According to the World Wildlife Federation, palm oil can be found in almost 50% of all packaged supermarket goods. As demand continues to increase, global agriculture and manufacturing companies are searching for ways to determine risk factors for deforestation and carbon emissions in the palm supply chain. Adding risk factors and associated traceability can help verify sustainable sourcing commitments and provide tools to help non-compliant participants to adopt more sustainable practices.
While there is some sourcing transparency from mills to manufacturers, a high number of third-party growers supply to these mills, comprising a challenge for NDPE compliance. Therefore, companies need to understand probable source locations, land-use histories, and aggregate sourcing practices for each mill in their supply chain. They also need to attribute ongoing deforestation activity to a given mill and supplier.

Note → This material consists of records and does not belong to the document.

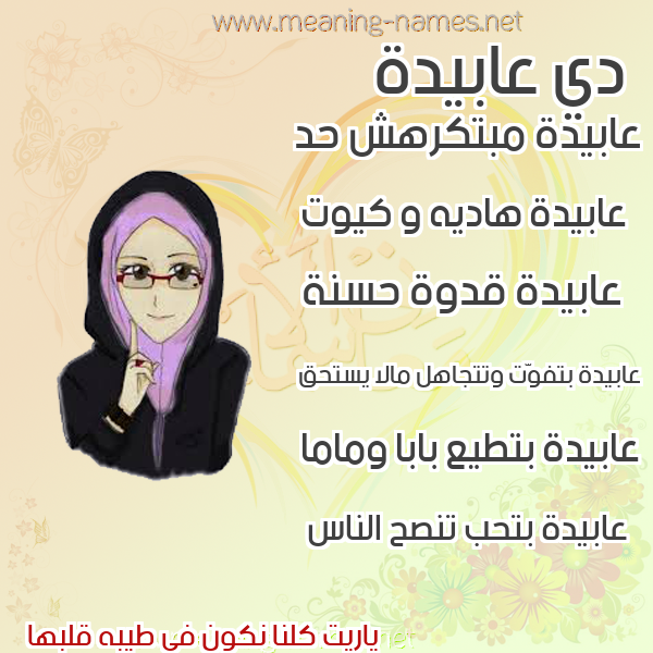 معنى اسم عابيدة في قاموس المعاني و الأسماء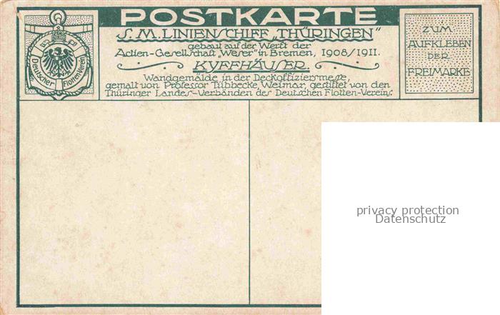 74037360 Kyffhaeuser Panorama Blick zum Kyffhaeuser Denkmal Wandgemaelde in Offiziersmesse auf S.M. Linienschiff Thueringen Kuenstlerkarte postalisch nicht gelaufen Erhaltung siehe scans [FriedD77] KatCode: 11110016065003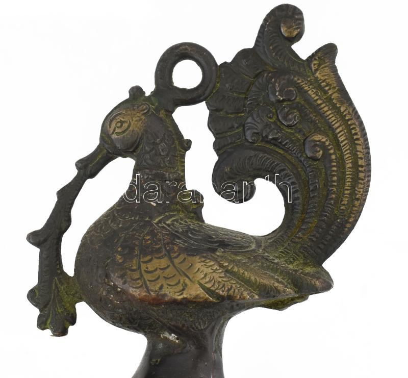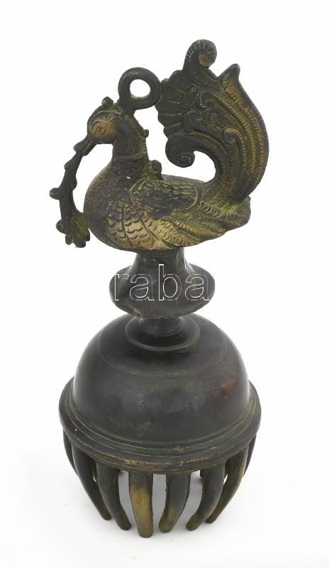 Leírás: Antik indiai bronz csengő, kézi harang, Madár ábrázolással, gazdagon díszített 25 cm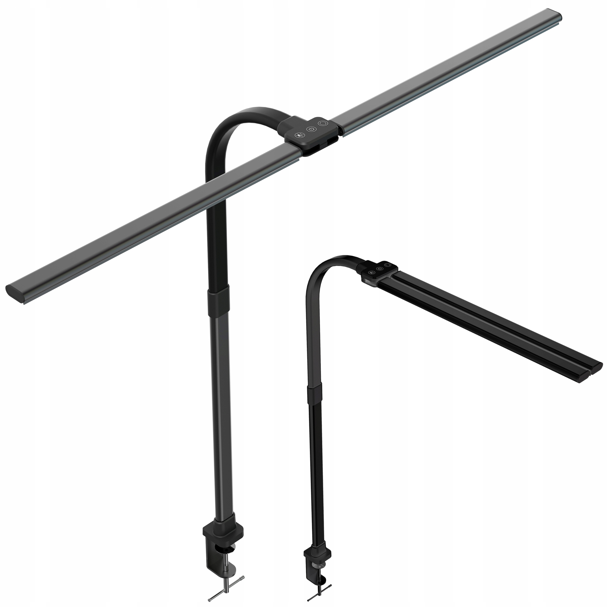 Długość ramion po obu stronach lampy można regulować w zakresie 90 stopni, co umożliwia swobodne dostosowanie kierunku światła do Twoich potrzeb. Lampka posiada zacisk, który ułatwia dokręcenie lampki na przykład do biurka.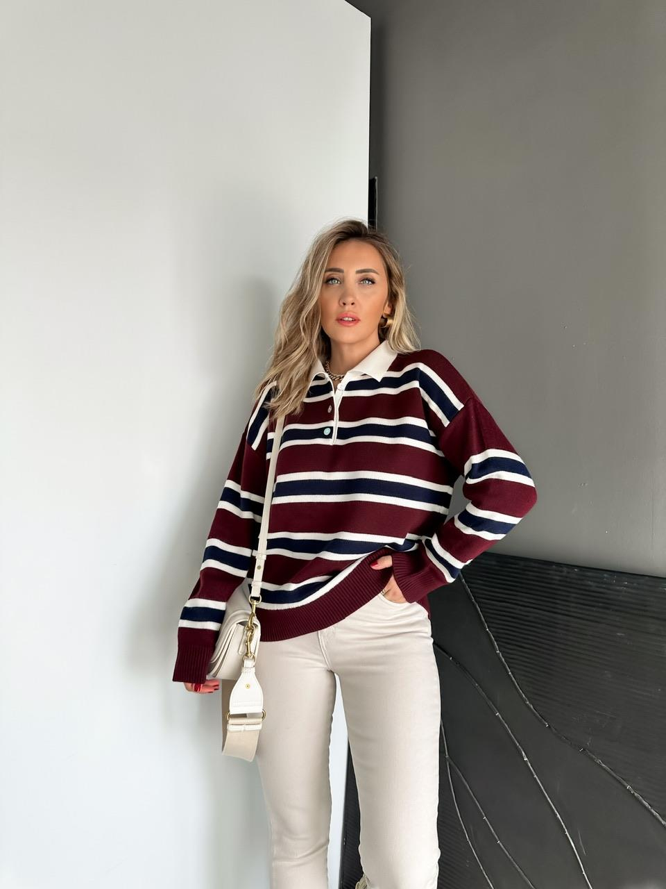 Bordo Lacivert Çizgili Polo Yaka Kazak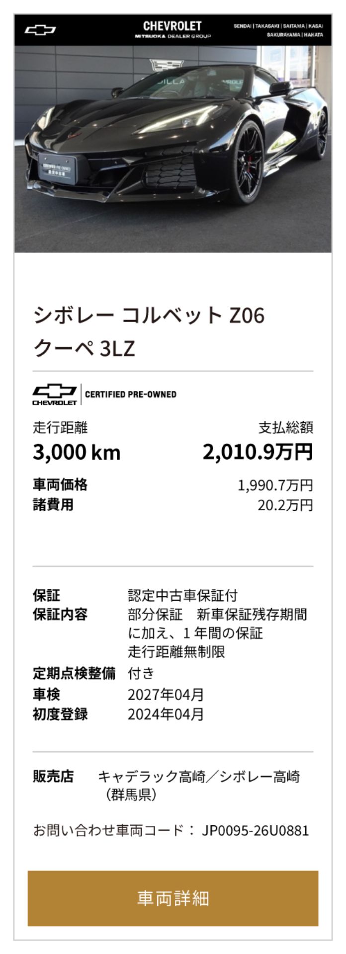 シボレー コルベット Z06 掲載台数1台 (4/1時点)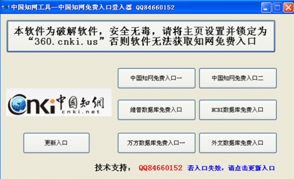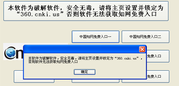 8、点击“中国知网免费入口一”进行使用,如果总是弹出提示框,是因为您的电脑中360安全卫士或者QQ电脑管家已经把您电脑中的浏览器主页锁定了。你必须手动地把您最常用浏览器及IE浏览器的首页地址设置为“360.cnki.us”否则软件无法获取免费入口。
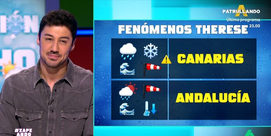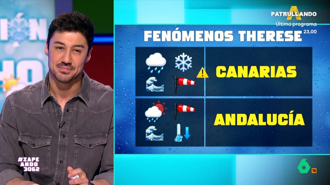 Entre mañana y el jueves Therese llega a Canarias, donde "se va a liar muchísimo". El meteorólogo de laSexta señala que va a llover mucho y nevará en el Teide en marzo, además del viento y el oleaje. De hecho, ya hay aviso naranja a 48 horas de que llegue el temporal, lo que no es habitual.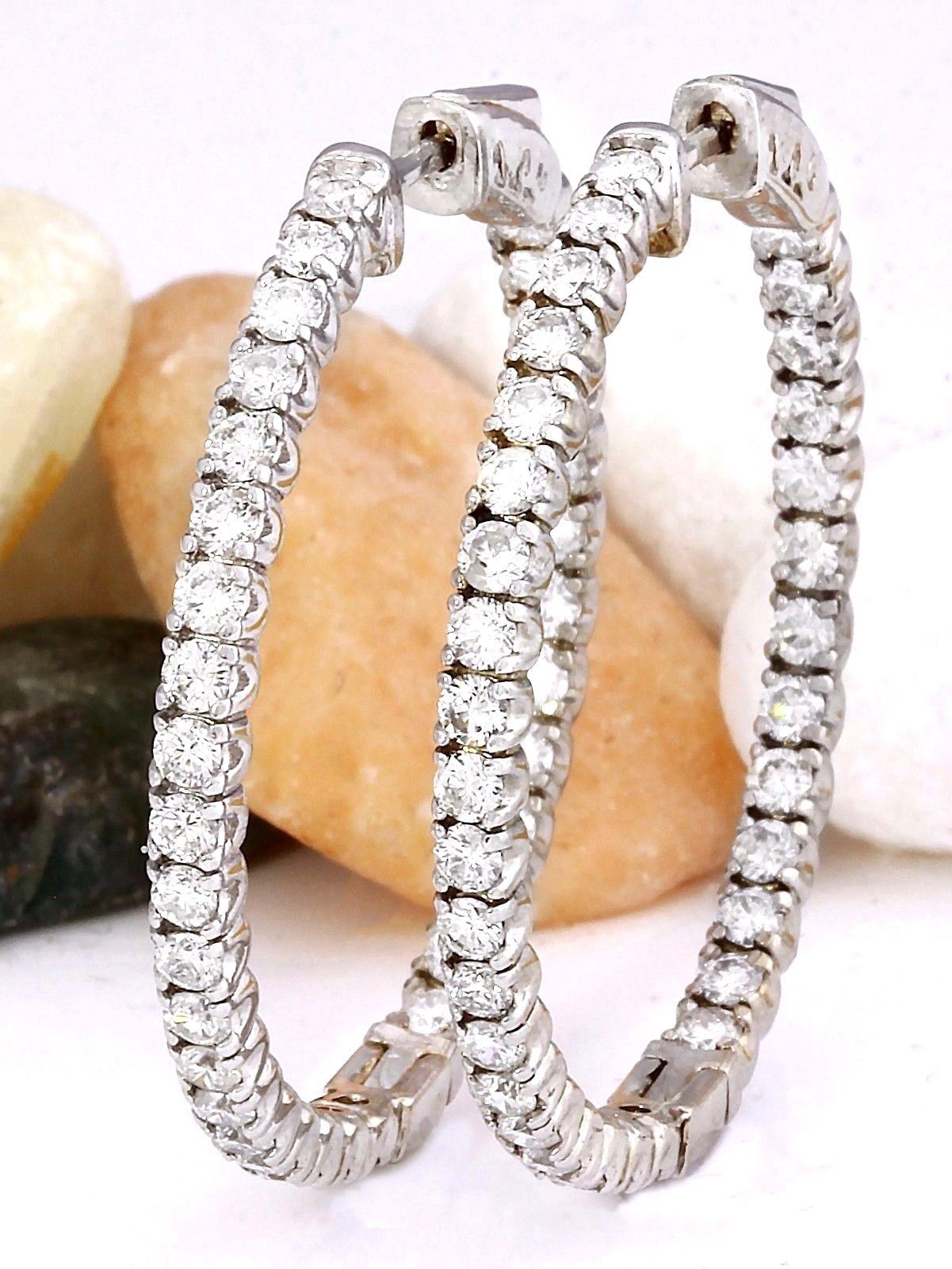 3.00 Carat Natural Diamond 18K Solid White Gold Earrings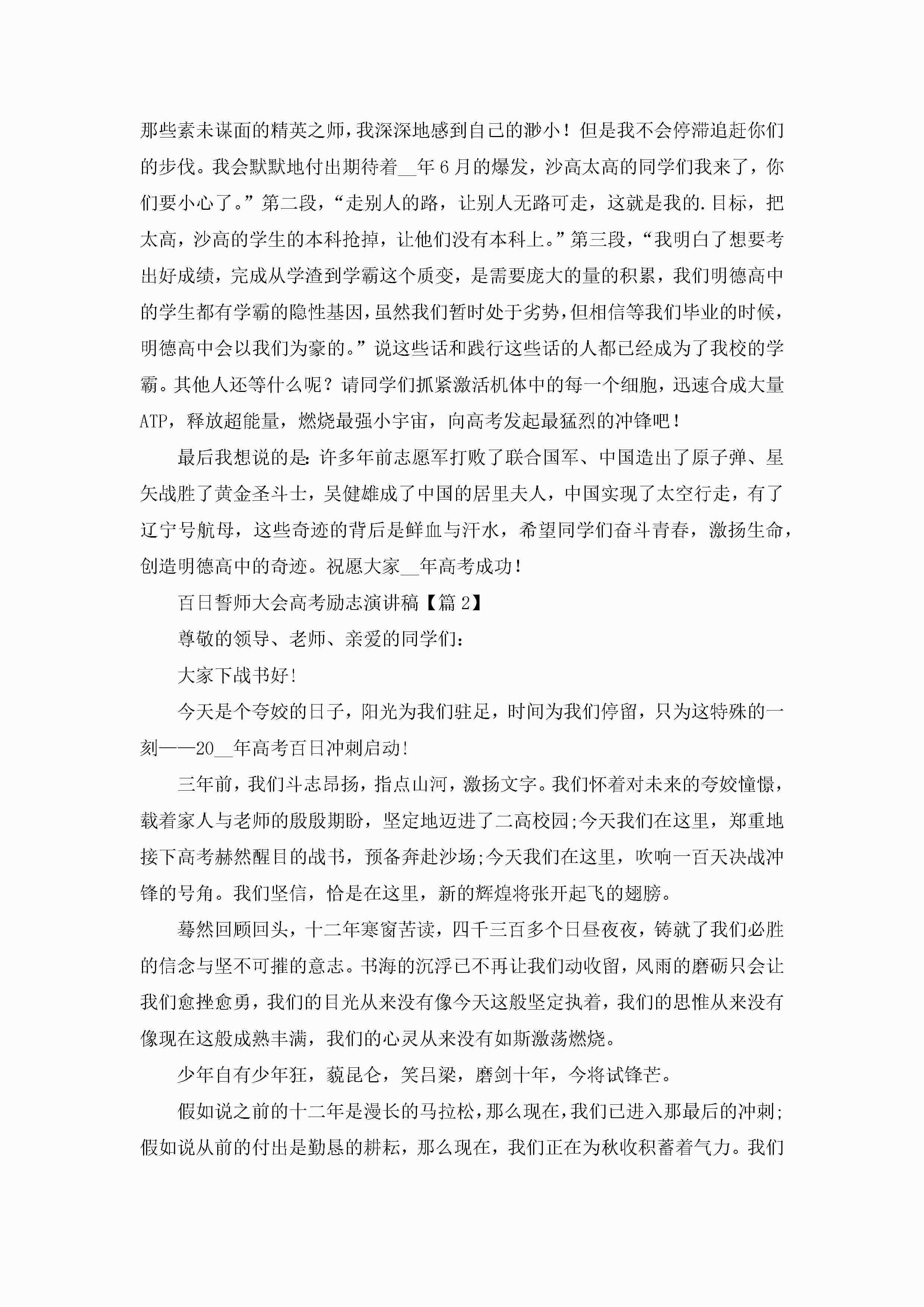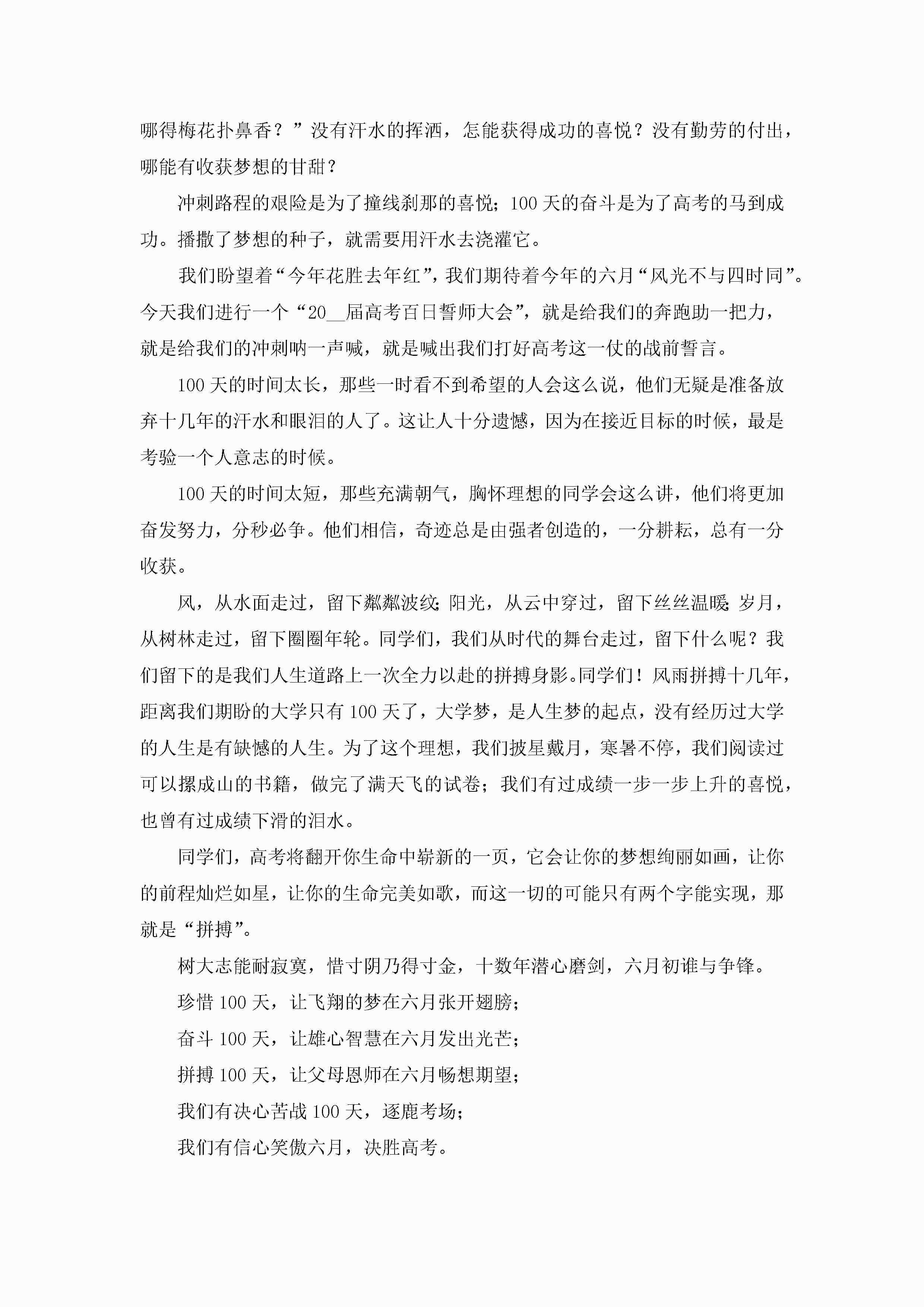 百日誓师大会高考励志演讲稿【10篇精选】jugei3月23日 01:43发布关注214 百日誓师大会高考励志演讲稿【10篇精选】此内容为付费资源,请付费后查看¥10.9 单篇文档限时特惠¥15个人会员开通企业会员开通立即下载无需登陆!可直接快捷下载单个模板付费资源© 版权声明THE ENDWord模板# 实用文档# 演讲稿# 经典演讲稿# 实用写作# 百日誓师大会高考励志演讲稿10篇 如有问题,可点击最底部“联系我们”联系客服 分享QQ空间微博QQ好友海报分享复制链接收藏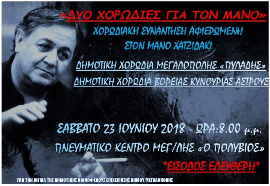 Χορωδιακή συνάντηση αφιερωμένη στον Μάνο Χατζηδάκι το Σάββατο 23 Ιουνίου στην Μεγαλόπολη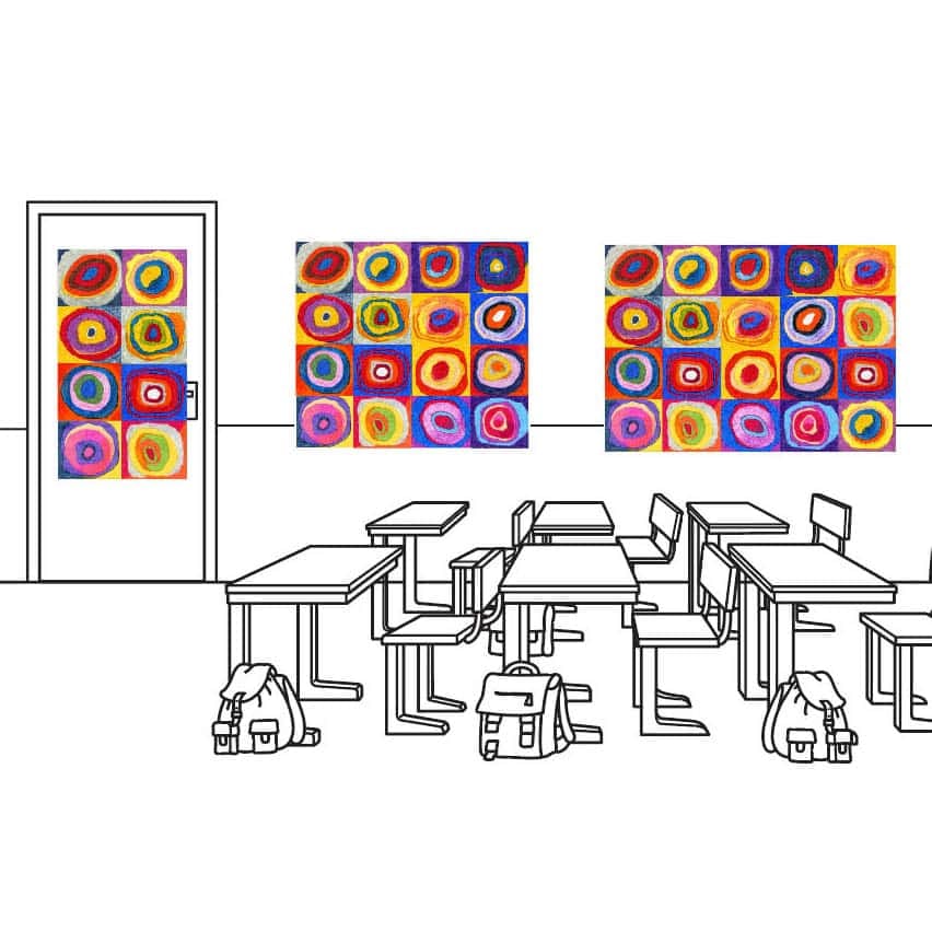 Bring instant “wow” to your art room with a Kandinsky circles template collaborative mural. Students color bold concentric circles using the included line-drawn squares—either Kandinsky-inspired or totally original. You’ll feel calm, prepared, and proud while your class creates mesmerizing visual rhythm together.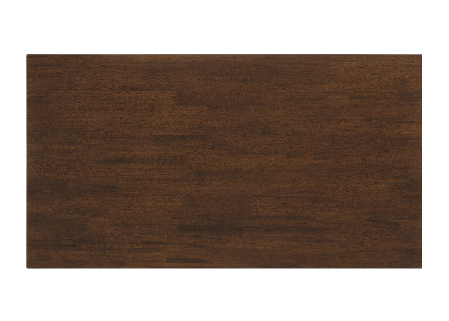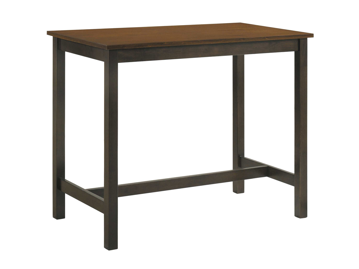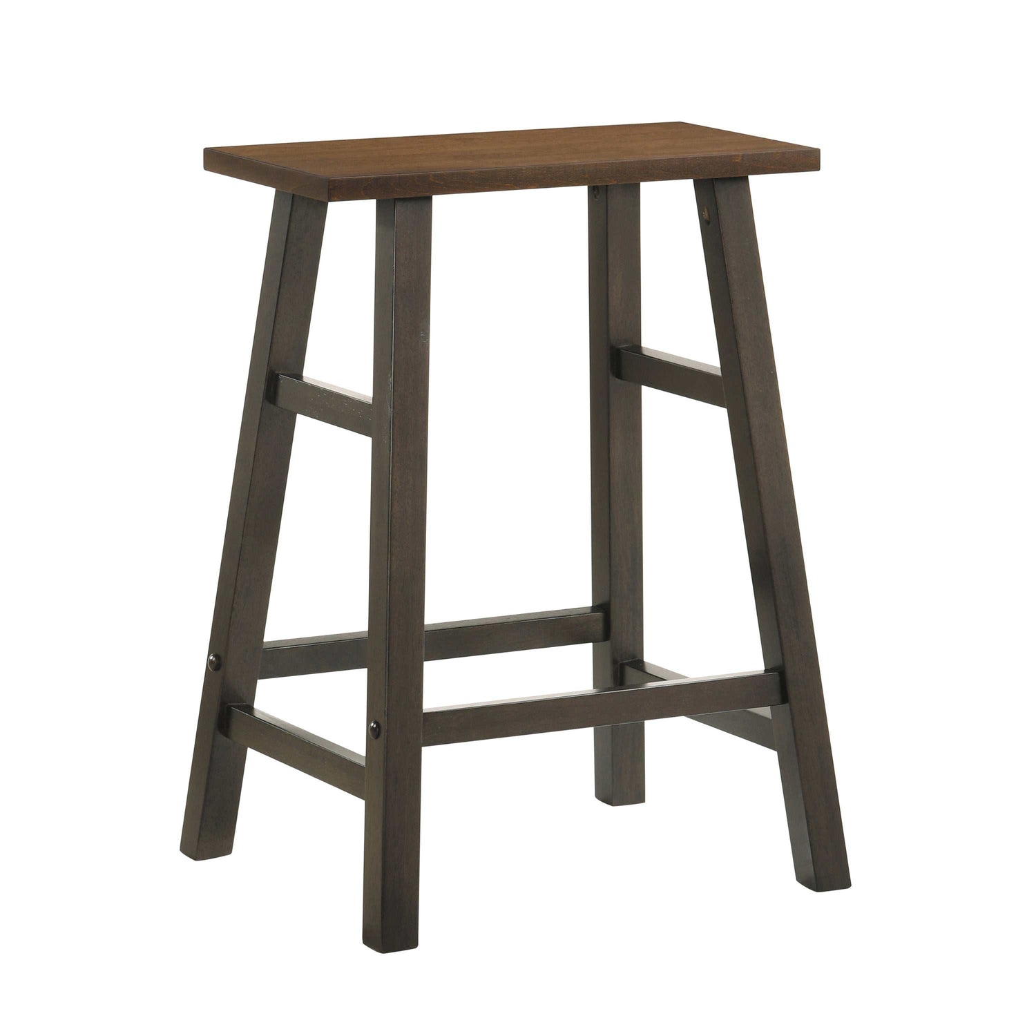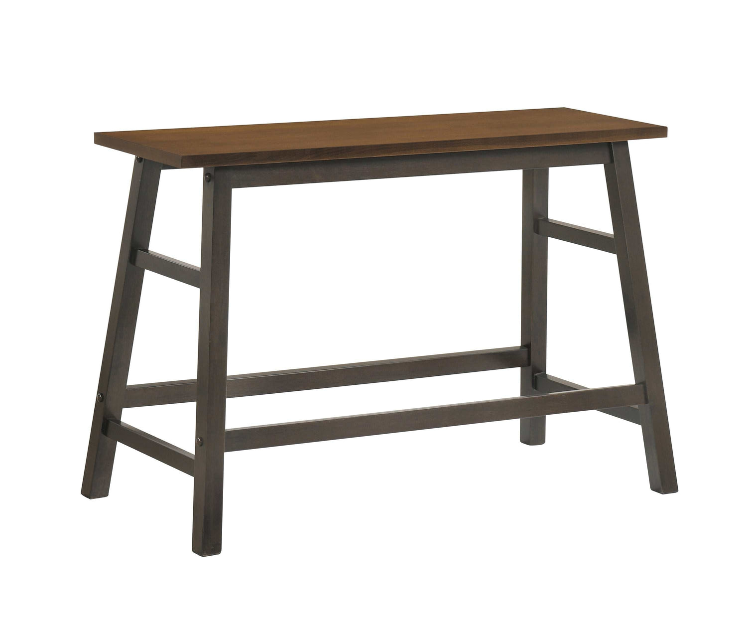 A charming addition to a kitchen breakfast nook or compact dining area, this country four-piece counter height table set gives off modern farmhouse vibes. A two-tone finish offers a subtle contrast and rustic-inspired design. A chestnut finish covers the tops of the table, stools and bench, as the rest on a bold, dark brown finish frame. The narrow rectangular counter height table features a trestle base and straight square legs for a clean lined effect. In addition, the two stools and bench also offer a similar style with square legs that flare out toward the feet and offer a footrest for extra support.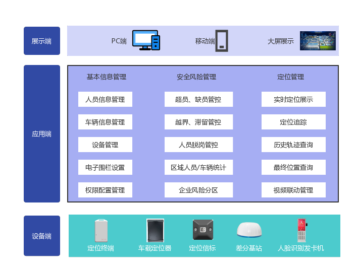 人員定位系統(tǒng)由設(shè)備端、應(yīng)用端、展示端組成,如下圖所示:

However, there is currently no widely available information that traces palm throughout the supply chain. And there is no direct way of attributing palm harvested within a plantation to the mill that eventually processes it. Further, concession ownership and permits have little transparency, making it challenging to attribute deforestation to specific growers. Still, there are a few factors that bound the sourcing region for a given palm mill (e.g. distance, transportation network, mill capacity, nearby mill capacity, etc.), that could allow us to estimate the probability and risk of a given mill processing palm from a given plantation.
This post explores a relatively simple method to attribute risk from deforestation and forest carbon loss to individual mills throughout the palm supply chain in Southeast Asia. It applies deforestation and carbon loss risk scores to the entire Universal Mill List maintained by the World Resources Institute (WRI), Rainforest Alliance (RA), Proforest, and Daemeter Consulting.
Our analysis leverages some key datasets and the compute power of the Descartes Labs Platform. The creation of these datasets in a singular development environment natively allows for the prediction of carbon equivalent of deforestation events. Each has been built with the other in mind.
First, we show how the methodology works for a given mill. Then we replicate the methodology over every mill in the Universal Mill List. We start by drawing a radius around each mill, quantifying the deforested area and forest carbon lost within the region over a set period of time, and then normalize by the total forest area and forest carbon.
We also create a weighted average over the mill area using inverse distance such that deforested pixels closer to the mill are weighed more than those found farther from the mill.
Once we have our totals and our distance weights, we can calculate a deforested area score and carbon loss score for the mill in question. Scores generally range between 0 and 4, with higher scores indicating higher risk
Next, we use the Descartes Labs Platform to apply the same methodology to the Universal Mill List within Indonesia and Malaysia.
Finally, we can visualize it all together using Descartes Labs Workflows API.
When we zoom in on a particular location, we see the layers for each dataset along with the deforested area and carbon scores for nearby mills. Note that the size of the buffer around each mill has been reduced to prevent overlap during visualization.
Now that the dataset has been created, it can be used to inform supply chain risk assessment for any company that sources from the Universal Mill List. To summarize, we built a mill-level deforestation & carbon emissions risk score across Malaysia and Indonesia. To do this, we leveraged proprietary Descartes Labs datasets to determine historical deforestation activity and carbon loss potential based on a distance-weighted formula to each mill. This produces a dataset that allows mills to be ranked by deforested area score and carbon loss score to determine focus areas for ongoing sustainability decisions.